И все же, повторю, в целом Башевис-Зингер вел относительно замкнутый образ жизни, который вполне его устраивал, так как отвечал самому противоречивому складу характера писателя. С одной стороны, он жадно интересовался людьми, их судьбами, чувствами, мировосприятием, и в этой своей ипостаси Зингер был прекрасным слушателем, вдумчивым собеседником, умевшим «вытянуть» из человека его самые сокровенные мысли и воспоминания. Но при этом, как он сам признавался в интервью Ричарду Бурджину, Зингер был не чужд приступов мизантропии, старался избегать знакомств, которые могли бы перерасти в сколько-нибудь длительные отношения и почти никого не подпускал близко к своему собственному внутреннему миру.
Что касается его безразличия к политике, то сам Зингер опять-таки объяснял его двумя причинами. Во-первых, тем, что ему чужда любая идеология и он не желает быть частью какой бы то ни было социальной, политической и пр. группы; а, во-вторых, потому, что был глубоко убежден в том, что подлинная литература основывается на осмыслении не настоящего, а прошлого — пусть и недавнего прошлого. Современность же по Зингеру — это область интересов журналистов и социологов, но никак не писателей.
В 60-е годы в жизнь Башевиса-Зингера входит еще одна женщина — Двора Менаше.
Как и в предыдущие десятилетия, в это время писатель вел довольно фривольный образ жизни, и, помимо уже упомянутой Довы Грубер, в его жизни было немало случайных связей.
В беседах с сыном и самыми близкими друзьями он утверждал, что ему интересна каждая встречающаяся ему на пути женщина, каждую он хочет понять и узнать до конца, но чтобы достичь этого понимания, он должен оказаться с ней в постели.
«Постель — это всегда продолжение начатого разговора», — говорил он.
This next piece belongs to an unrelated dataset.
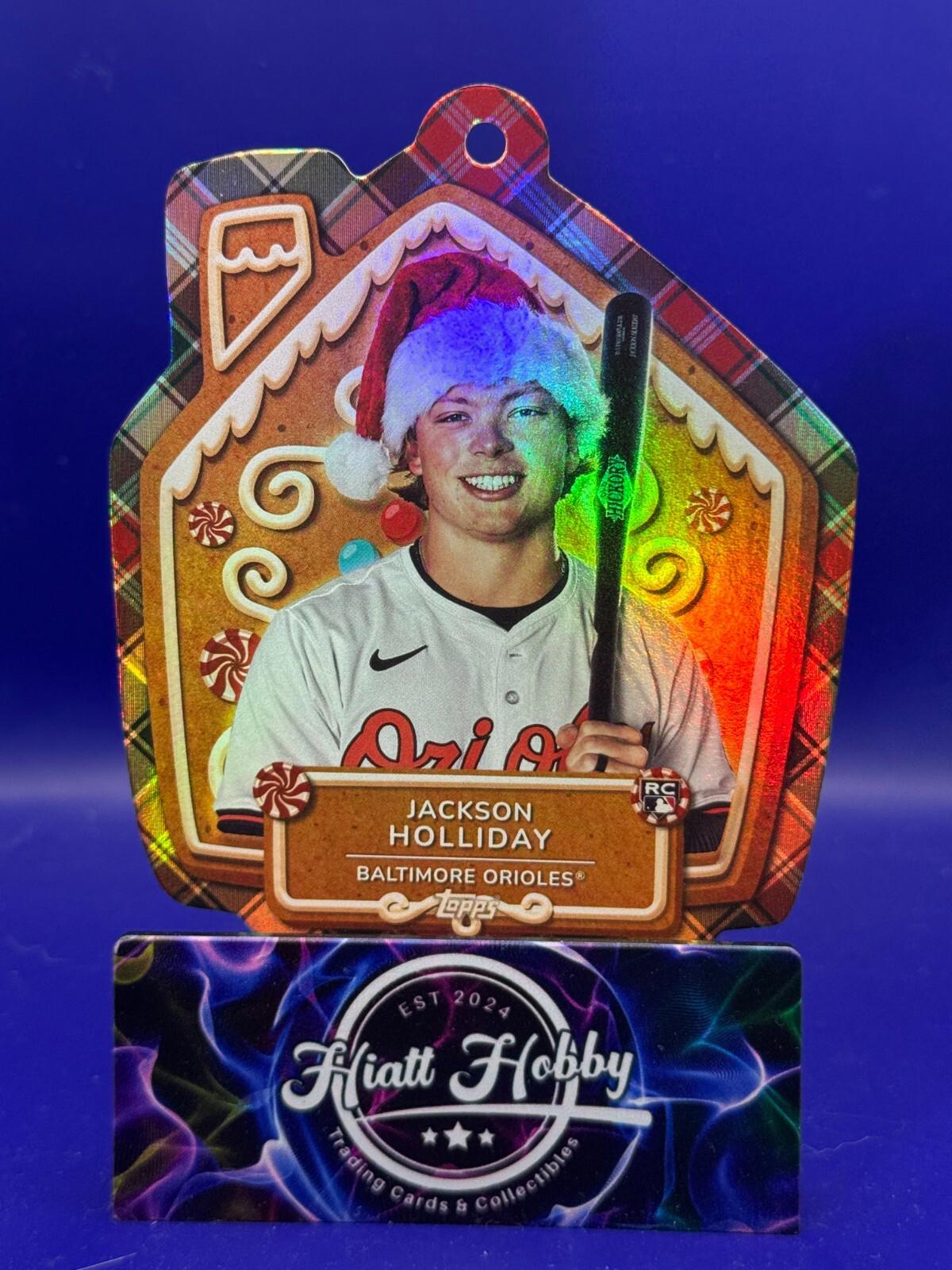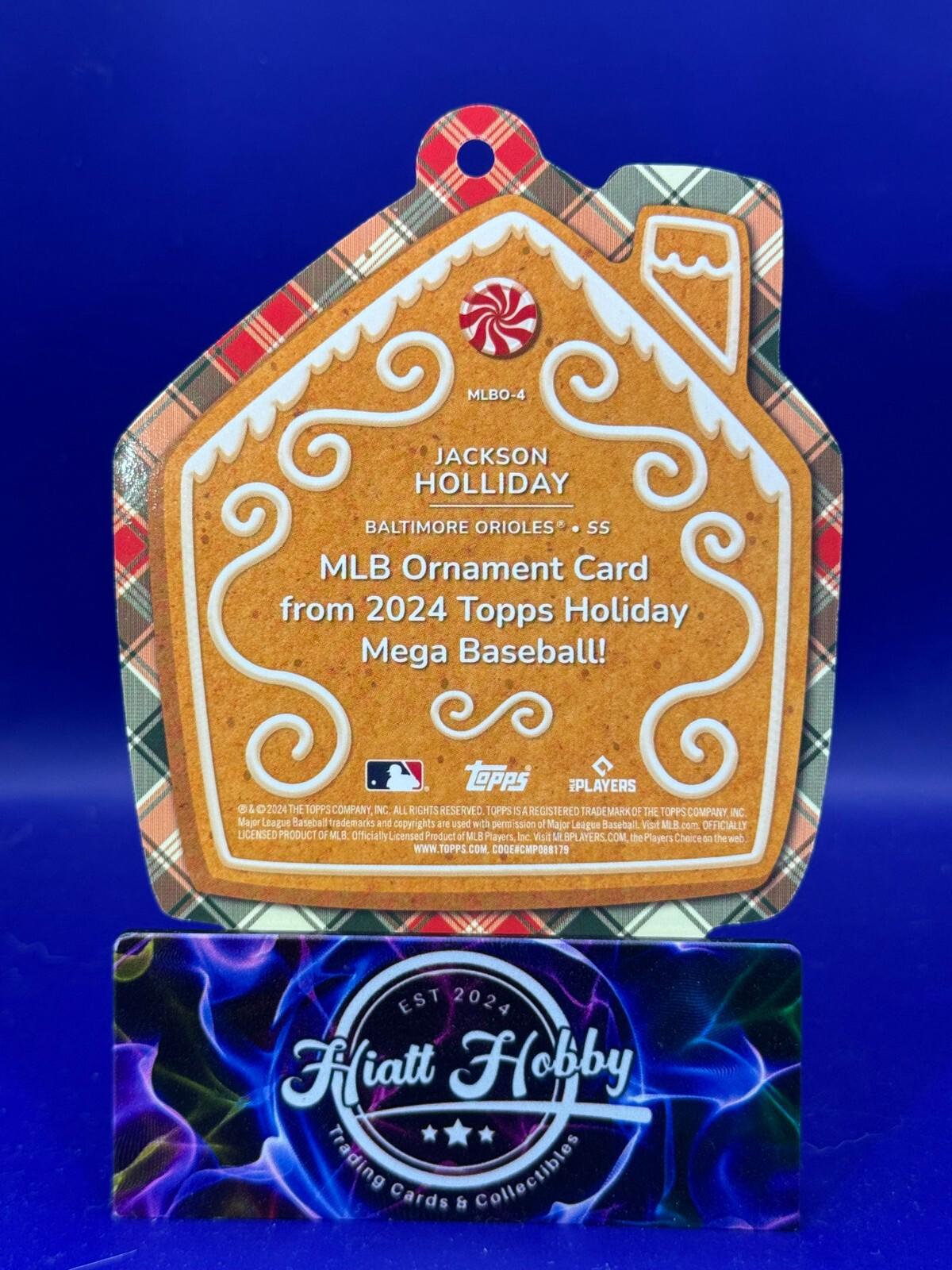Elevate your baseball card collection with the 2024 Topps Holiday Oversized Ornaments Die-Cuts #MLBO-4 featuring the promising talent, Jackson Holliday. As a rookie card, it captures the early career of Holliday with the Baltimore Orioles, an appealing subject for collectors and fans alike. The card is a unique addition from the 2024 Topps Holiday set, well-known for its festive theme and quality craftsmanship.This card boasts the Die-Cut feature, standing out with its intricate design that complements the standard card size. Proudly manufactured in the United States, it is presented in English without autograph embellishments, keeping the focus on the player and his achievements during the MLB World Series event. A must-have for enthusiasts of the sport and collectors of MLB memorabilia.
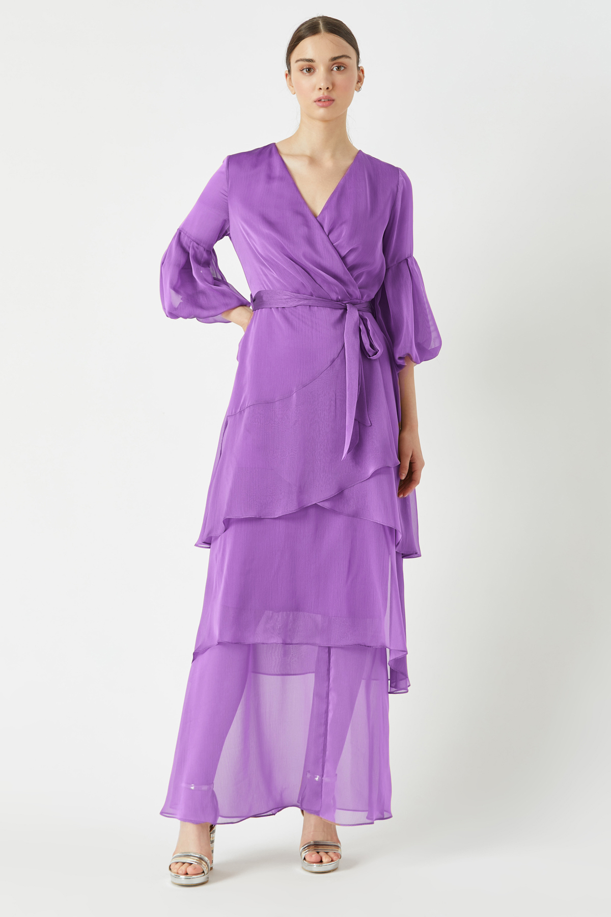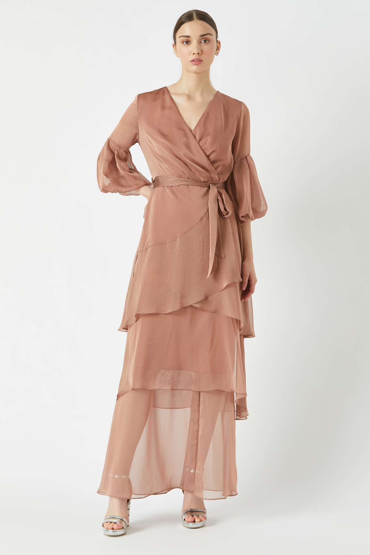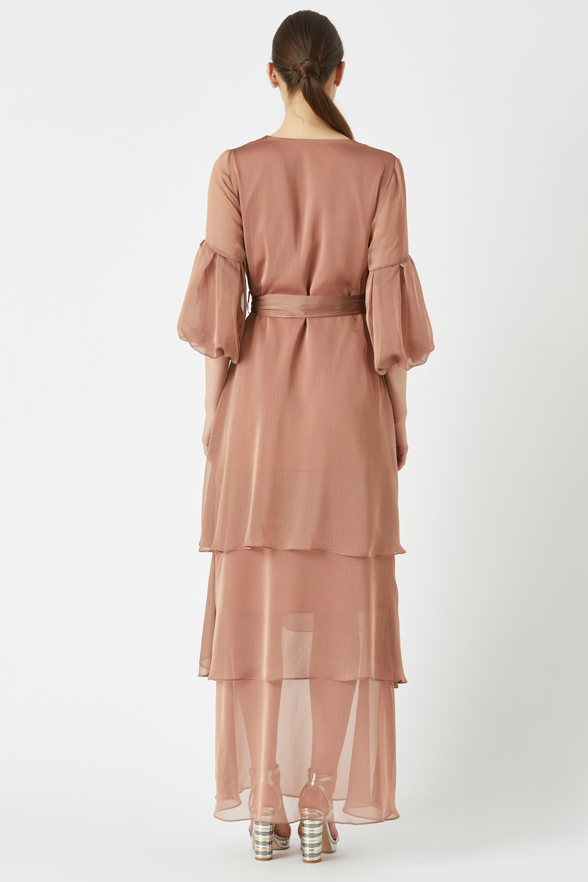 Volanlı kat kat uzun elbise

При этом он утверждал, что делает женщин счастливыми. «Я ни о чем не жалею, это был настоящий катарсис!» — так многие из них говорили писателю (опять-таки, по его словам) после случайной близости с ним.
И все же отношения с Дворой Менаше носили у Зингера несколько иной характер. Они познакомились в тот период, когда Башевис-Зингер активно читал лекции и проводил литературные вечера в еврейских клубах различных американских университетов. Так как своей машины у писателя не было (любая техника вообще страшила его), а природная скупость удерживала от расходов на такси, то Зингер развесил в университетских коридорах объявление о том, что требуется доброволец с машиной, который был бы согласен просто так, из доброты душевной, подвозить еврейского писателя на его лекции.
На это объявление и откликнулась бывшая тогда совсем юной студенткой Двора Менаше. Вскоре между Башевисом-Зингером и этой девушкой возникли очень близкие отношения, продолжавшиеся почти три десятилетия до самой смерти писателя. Не исключено, что в отношении к Дворе Менаше к страсти у Зингера примешивались отцовские чувства, и это делало его любовь к этой годившейся ему не только в дочери, но во внучки женщине тем самым запретным плодом, который особенно сладок. Возможно, именно Дворе Менаше посвящен знаменитый пассаж из монолога героя рассказа «Кукареку»:
Двора Менаше стала, по сути дела, вторым секретарем Зингера и его помощницей во всех делах. Она окончила университет, вышла замуж за раввина и стала Дворой Менаше-Телушкиной, но продолжала дружить с писателем. Именно Двору, как мы увидим дальше, выбрал Зингер в качестве своей помощницы при подготовке текста своей Нобелевской речи, для чего на долгие часы запирался с ней в гостиничном номере. Когда Эльма заболела и у нее отказали ноги, Двора взяла на себя все заботы по дому Зингеров — чтобы любимый писатель не отвлекался от работы. Она же помогала им собираться, когда Зингеры решили окончательно перебраться в Майами…
Как уже говорилось, Зингер был достаточно равнодушен, даже подчеркнуто равнодушен к политике, и все же настал день, заставивший его забыть об этой своей принципиальной аполитичности.